A further difficulty often occurs when a pond or lake freezes in winter and the water is drained. This is because the ice cover settles on the supply pipes, so that these are often bent and the plugs located at the bottom are damaged.

Taking into account the difficulties mentioned, such devices are only suitable for ventilation of ponds or lakes, or at least must be adapted to the circumstances with great effort.

The invention is based on the task of designing a device of the type mentioned at the outset which can be easily built in without affecting its function and which can be used universally.

To solve this problem, the invention provides a device of this kind where the supply line is designed as a flexible hose.
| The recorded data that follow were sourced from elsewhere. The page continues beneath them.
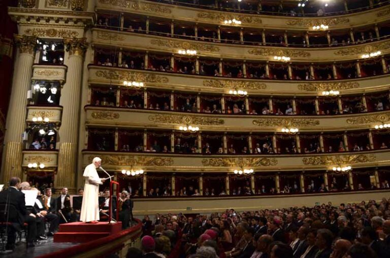 Ce n’est pas tout. En 2008, le Pape Ratzinger rappelle l’importance de l’éducation au Beau. « Je pense surtout aux jeunes générations qui, en s’approchant de ce patrimoine artistique, peuvent y puiser une inspiration toujours nouvelle pour construire le monde selon des projets de justice et de solidarité, valorisant, au service de l’homme, les expressions multiformes de la culture mondiale. Je pense aussi à l’importance de l’éducation à la beauté authentique pour la formation des jeunes. L’art dans son ensemble contribue à affiner leur âme et les oriente vers la construction d’une société ouverte aux idéaux de l’esprit », a-t-il dit en 2007 après un concert de Verdi dans l‘Aula Paolo VI.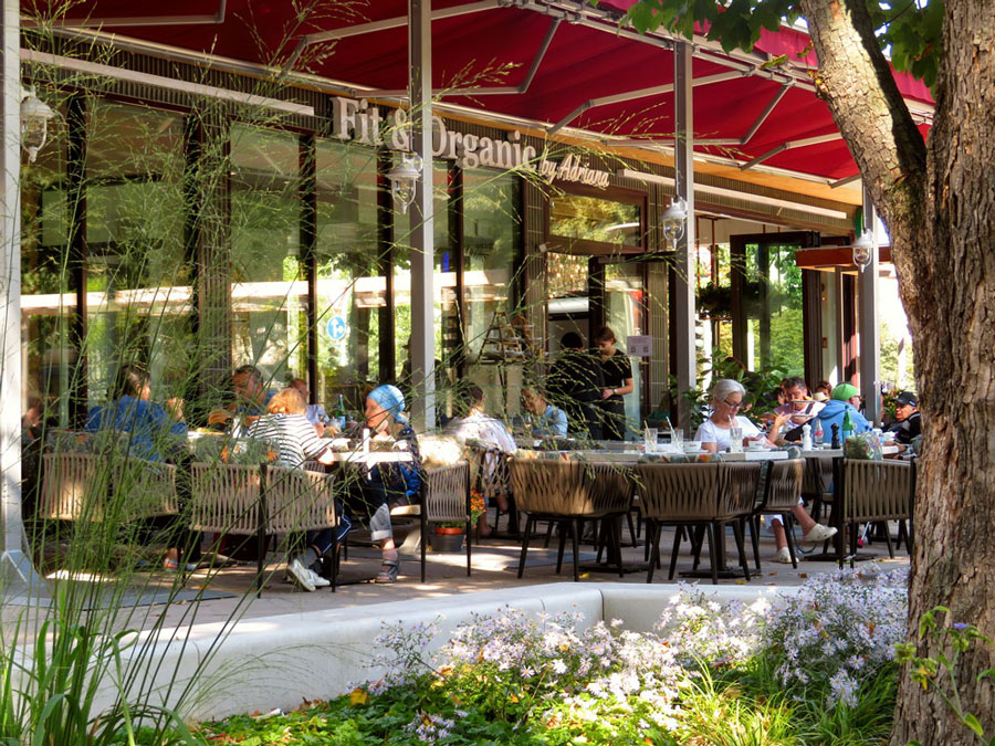 Neubau eines Parkcafés für den Gastronomie- und Barbetrieb. Das Parkcafé verfügt über eine großzügige Gartenterrasse sowie vollständig zu öffnende Fassaden. Dadurch entstehen fließende Übergänge zwischen Park, Terrasse und Gastraum.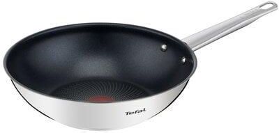 TEFAL Cook Eat B9221904 28 cm Jakość na długie lata. Naczynie zostało wykonane z najwyżej jakości stali nierdzewnej 18/10, która gwarantuje jego trwałość i doskonałe efekty użytkowania przez długi czas. Zawsze perfekcyjne rezultaty Wskaźnik zmienia kolor na mocno czerwony, gdy patelnia rozgrzeje się do temperatury idealnej do smażenia. Dzięki temu zyskujesz idealną teksturę, kolor i smak swoich dań przy zachowaniu maksimum wartości odżywczych. Nitowane uchwyty ze stali nierdzewnej Korzystaj w nieograniczony sposób z patelni Cook Eat dzięki nitowanym uchwytom ze stali nierdzewnej, które zapewniają nienagrzewanie się rączek oraz solidne wykonanie. Nieprzywierająca powłoka z tytanem Odkryj patelnię, która jest pokryta powłoką nieprzywierającą — nie tylko z łatwością ugotujesz obiad, ale i wyczyścisz ją w mgnieniu oka!

This move simplifies the introduction of such a device i

an initially only partially filled wastewater treatment basin. The flexible hose lines bend at such a low water level without exerting any significant force on the plugs resting against the bottom. Furthermore, it is even possible to place such a device in the dry waste water treatment basin and then fill the basin with water, without any parts of the device thereby being damaged.

With this feature, it is also achieved that the device can be used without difficulty for ventilation of a pond or lake even when there are piles of mud on the bottom. In the divided area, the plugs rest on the surface of the mud piles without drilling into them. The plugs are therefore not clogged, but can perform their function unimpeded. When the mud piles underneath eventually break down, the plugs that lie on the surface of the pile simply sink down and are thus always in a favorable functional position. J

Even when a pond or lake equipped with such a device freezes in winter and the water is drained, the device is not exposed to any dangers, because the flexible hose lines cannot transfer the weight of the ice layer to the plugs located at the bottom.

A special advantage is also that the flexible hose lines can consist of a corrosion-resistant plastic, so that even corrosive waste water cannot affect the lifetime of such a flexible hose line.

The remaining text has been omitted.